In the case of the steam methane reforming furnace, Davis explains that managing the furnace and its energy use in a better way is a good fit for a high-fidelity computational fluid dynamics model. Understanding flow and heat distribution characteristics within the furnace has been difficult because the harshness of the furnace environment tends to preclude sensor placement. Now project participants are working to put infrared cameras around the furnace that allows the internals of the furnace to be measured and visualized on a real-time basis. Then they’re taking that data and bringing it together with other measurements using a computational fluid dynamics model to predict the overall heat distribution, optimize it and then update a control model that’s running the plant.
“We use a computational-fluid dynamics model to predict and update parameters in a control model and that allows us to run this in real time,” Davis explained. “There’s a substantial energy savings by using the high-fidelity model.”
The team is doing the model development using a 12,000 core UCLA cluster. While the application isn’t optimized to use all the cores, there are sufficient computational resources such that compute times went from a matter of days and weeks down to just hours, tractable ranges from a process standpoint.
SMLC is also working with another company that fabricates metal parts, and this plant involves heating and foraging steps, heat treatment steps, followed by shaping and machining steps.
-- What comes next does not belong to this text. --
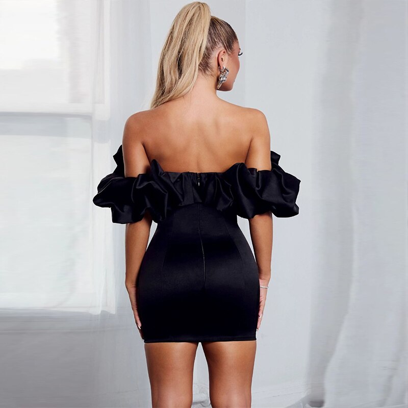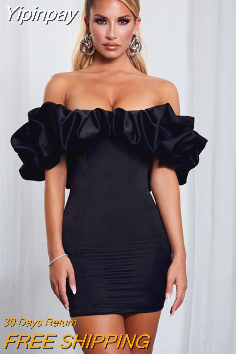 Yipinpay Satin Elegant Sexy Party Summer Dress Women Off Shoulder Backless Mini Dresses Strapless Solid Bodycon Club Vestido New

By using modeling to achieve the right metallurgical properties, the company saves on the machining maintenance, machine time, and machine utilities. Doing it this way also saves energy in the heat treatment process.
“This is an example of a discrete process where we’re actually able to save electricity and gas/fuel-based energy in substantial ways and at the same time improve the production and quality of the product,” said Davis.
SMLC analyzed across industries, across manufacturing structures, and across problems, and put together a set of requirements which were used to spec the Smart Manufacturing Platform. The platform is based on the services infrastructure developed by Nimbis Services, the originator of the cloud-based technical computing marketplace. SMLC added a unique workflow-as-a-service layer that allows companies to select and put together different components ranging from ‘how do I collect data?’ to ‘how do I analyze it?’ and finally ‘how do I interface it back with the plant?’ Put another way, the workflow-as-a-service layer arranges a series of pieces of code into an organized format that can be put into actionable use.
SMLC and its partners are now in the process of building out the platform against specific test beds in automotive, food, ammunition, gas, refining, chemicals, and pharmaceuticals. The prototype contains a vertical stack of all the services – the computational and storage layers, the cloud management layers, and the workflow-as-a-service layer – and it has the ability to bring those environments together. The next step is building out capabilities and robustness within each of the layers, so for the cloud management layer, for example, they will be implementing OpenStack.
“We’re seeing a set of tools that are relatively invariant across companies,” said Davis, “these tools have to do with access to computational resources, the ability to spin up and down instances of computation. The platform is basically architecting out those invariant elements and leaving a layer called the smart manufacturing marketplace, a layer in which the companies can come in and select different components that they need that are specific to their own uses and missions.”